━━━━━ THE RECORDS

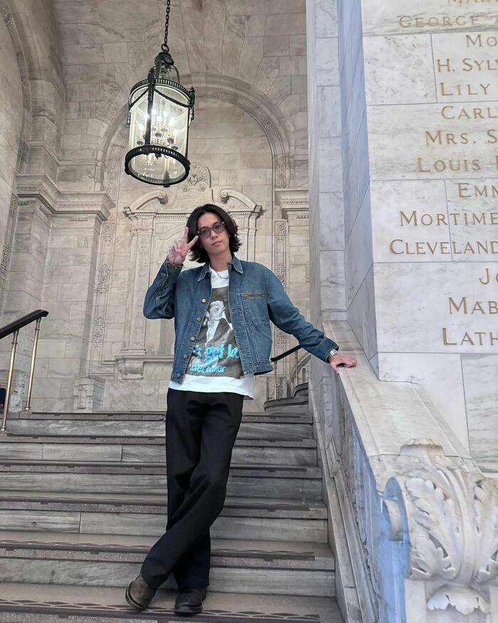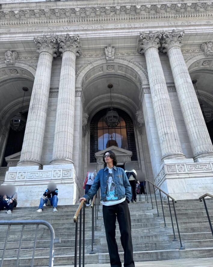 公開された写真には、デニムジャケットに黒のパンツを合わせたカジュアルなコーディネートで、ニューヨーク公共図書館の階段でポーズを決めている姿が!
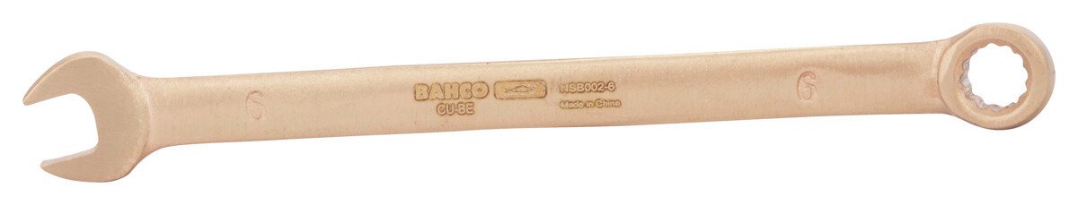 Funkenfreie Werkzeuge werden in Bereichen eingesetzt, in denen durch Funkenflug eine potenzielle Feuer- und Explosionsgefahr besteht. 6-mm-Ring-Maulschlüssel aus Kupferberyllium, 105 mm.
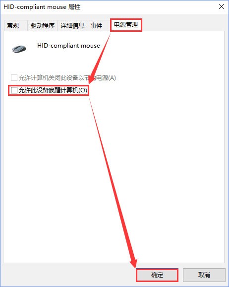 5、切换到【电源管理】选卡,同样将【允许此设备唤醒计算机】的勾选去掉,点击【确定】即可;
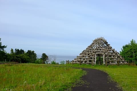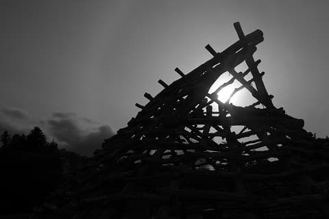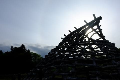 3枚とも縄文時代の一家を背負う男性が夕刻に家族の待つ住居に帰ってきた、といったイメージで撮りました。6月になり朝夕の寒さも緩み暖かくなる時期なので気分的にも住居が見えて「ホッとしたのであろうな」と思いました。
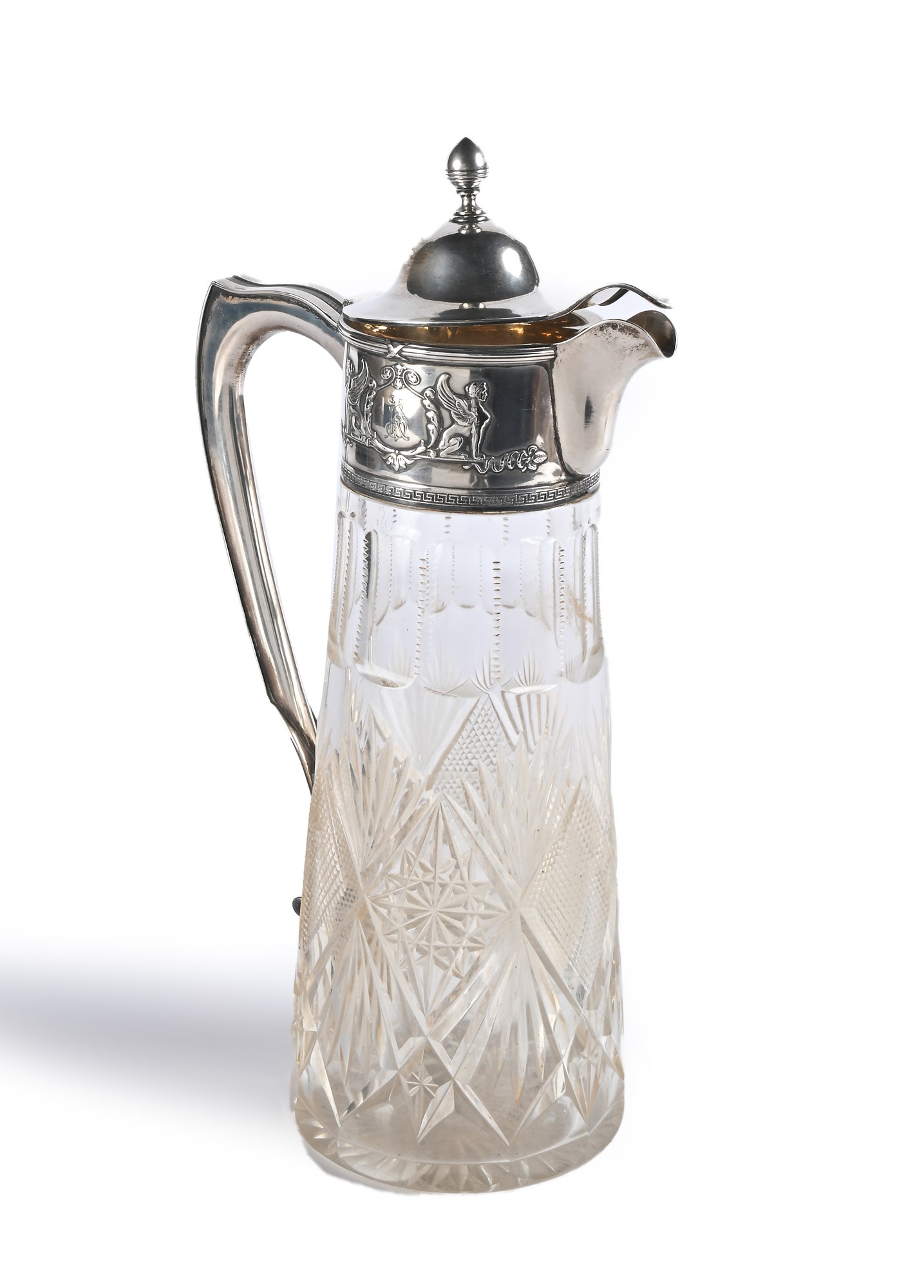 Caraffa in cristallo montata in argento, Russia profilo superiore rivestito in argento decorato da medaglione con iniziali R.I. incise, affiancato da sfingi
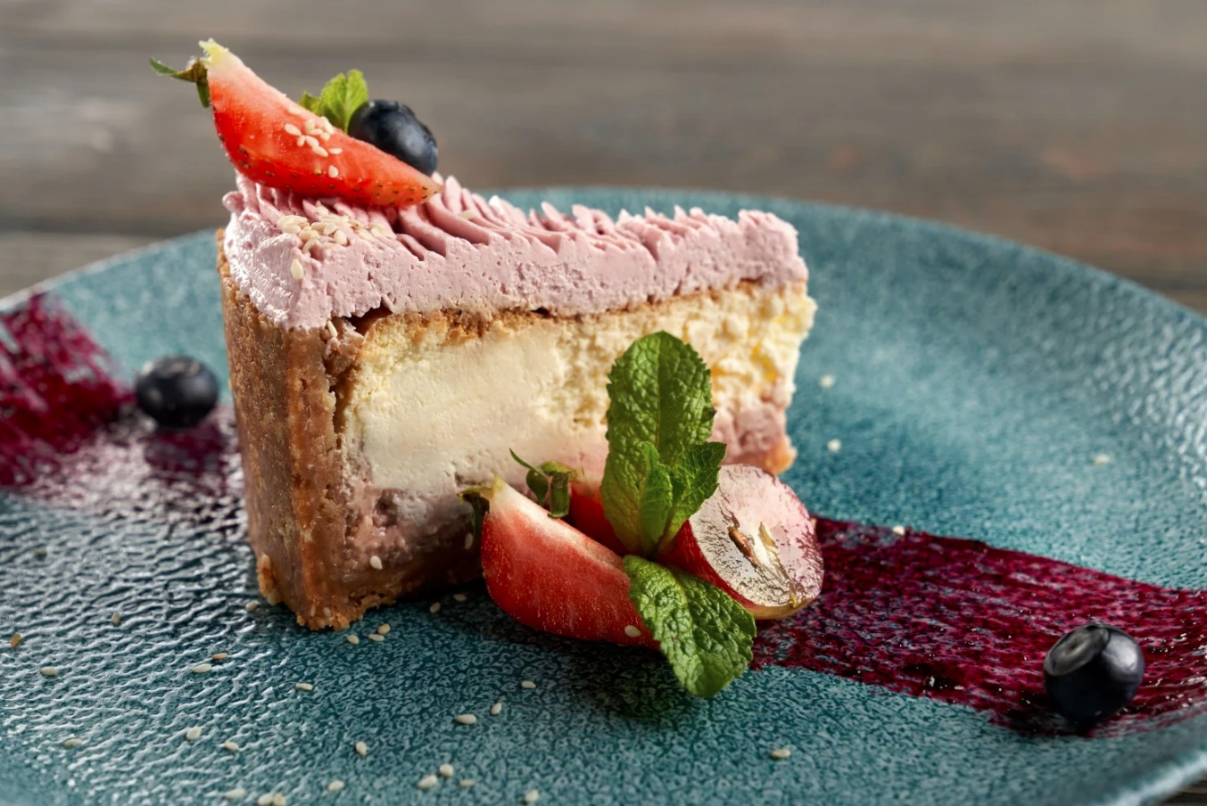 Okrasite sirov kolač s svežimi jagodami, borovnicami in lističi mete. Postrezite ohlajeno.
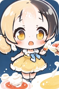 淘气宝贝, (1 girl :1.3), (detailed light), (an extremely delicate and beautiful), volume light, best shadow, flash, Depth of field, dynamic angle, Oily skin, (girl with cream all over her face), (panic), lots of ice cream, sundaes, (yellow dresses), dresses full of cream, ketchup, black hair, yellow eyes, (eromanga:1.2), (megami:1.2), chibi,<lora:EMS-165741-EMS:1.000000>
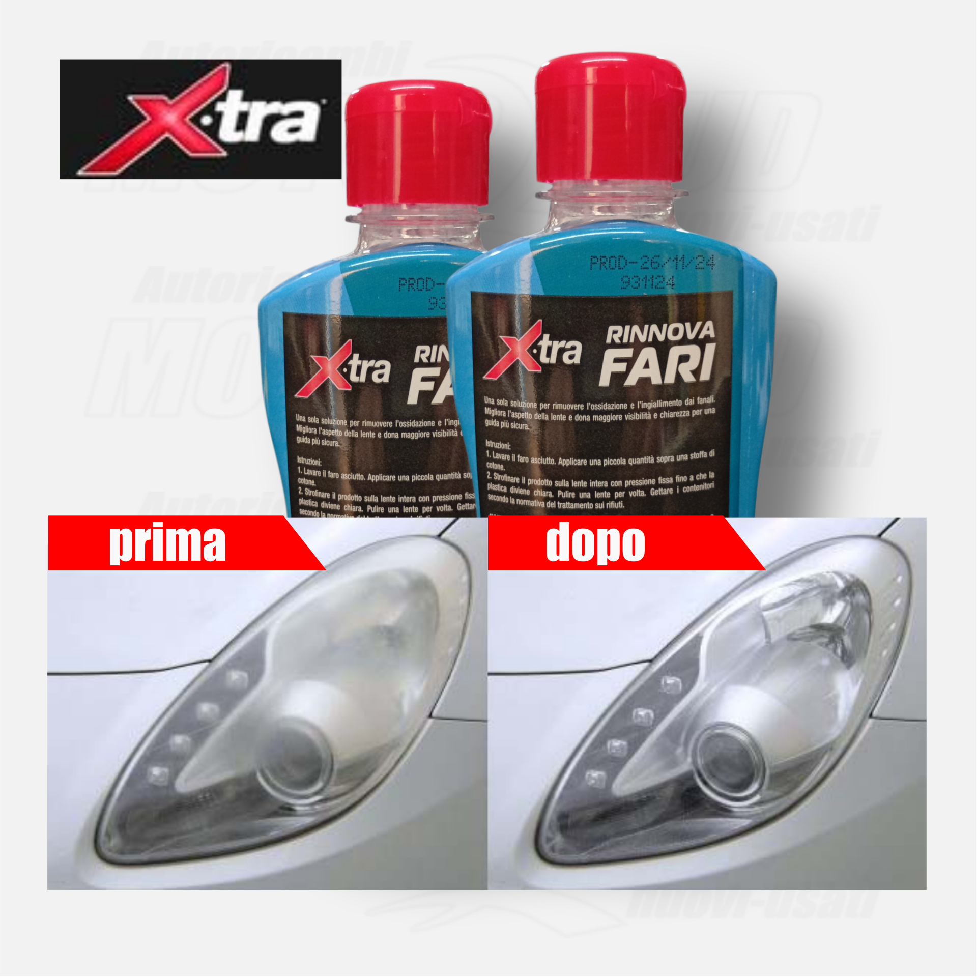 Rapido e senza sforzi ripristina la trasparenza e rimuove l'ossidazione, dando lucidità ai tuoi fari.
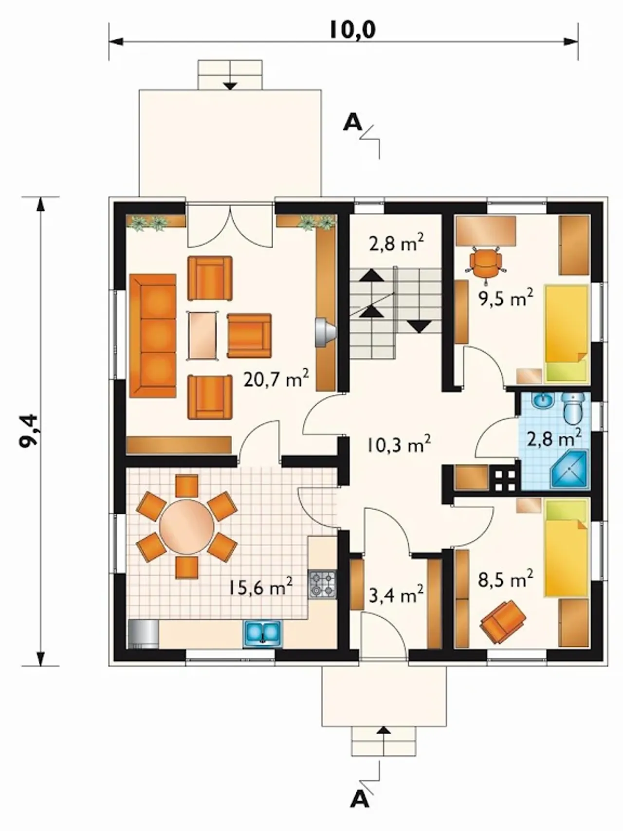 - elewacje - pokazują dokładny wygląd domu od frontu, z tyłu i z boków
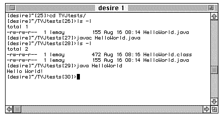 The JDK for the Mac comes with an application called Java Compiler. To compile your Java source file, simply drag and drop it on top of the Java Compiler icon. The program will compile your Java file and, if there are no errors, create a file called HelloWorld.class in the same folder as your original source file. |
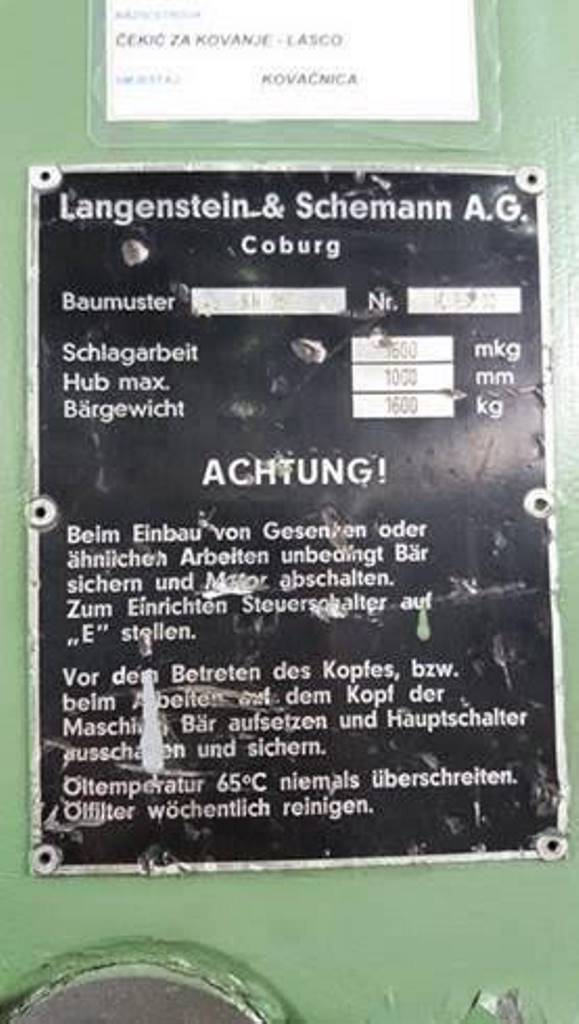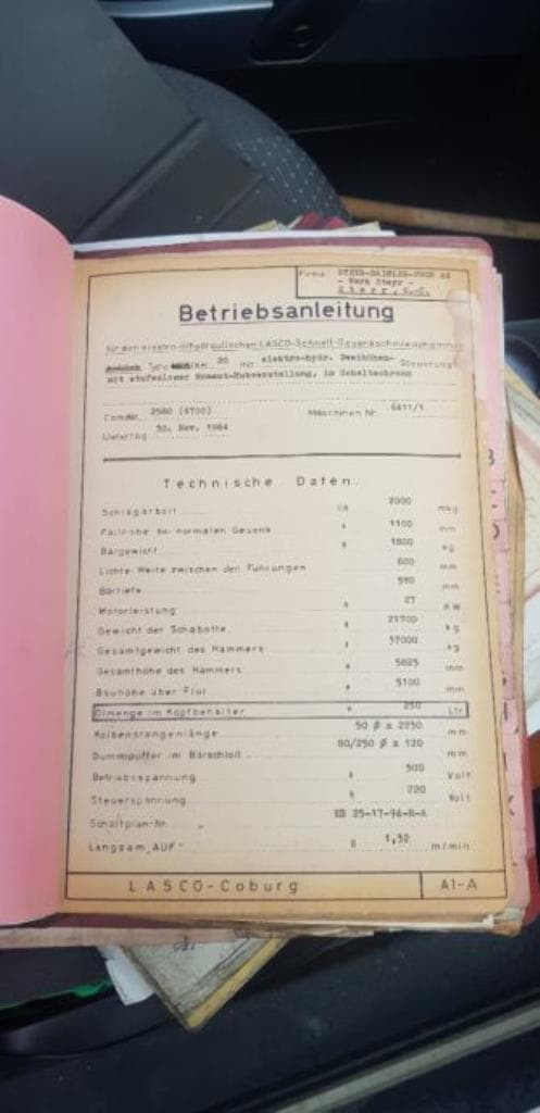 仕様 (EN) - 油圧鍛造ハンマー Lasco KH 160 - 1600 kgm (ID: 75672)
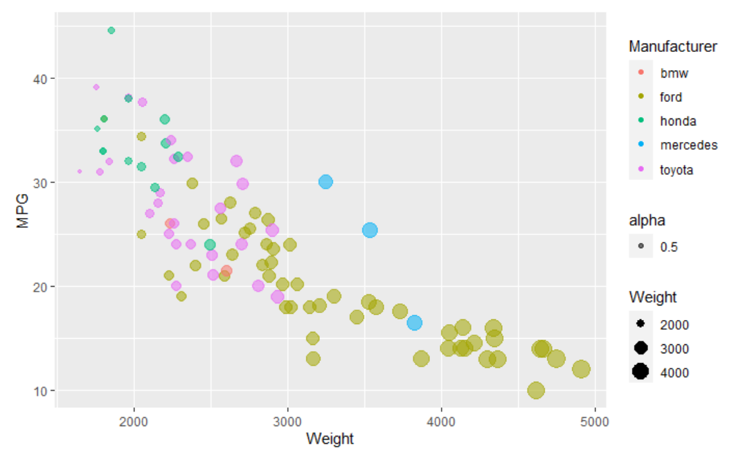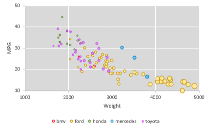 #2: Excel Excel is a spreadsheet created by Microsoft tht is able to take data and create charts. In this, I used a scatterplot to create the chart, using the data we had and creating additional extra rows to ensure the Manufacturer color was being calculated correctly. This graph was created and I tried my best to keep the colors similar to the original ones for the different manufacturers. I also had the gridlines and the legend for the manufacturers on this graph. The main issue I had with this one was that I struggled to change the size based on the data and ended up having to manually change them to accurately reflect the differences in weight. There was also a limitation were I could not change where the axis started without messing up the ticks and went as close as possible to the original (10 to 50 on the y axis and 1000 to 5000 on the x axis).

━━━━━━━━━━

*DIRECTIONS*
What you return must match, character for character, the lines above from the one with "Rapido e senza" through the one with "- elewacje - pokazują", minus any pictures.

*SOLUTION*
 Rapido e senza sforzi ripristina la trasparenza e rimuove l'ossidazione, dando lucidità ai tuoi fari.
 - elewacje - pokazują dokładny wygląd domu od frontu, z tyłu i z boków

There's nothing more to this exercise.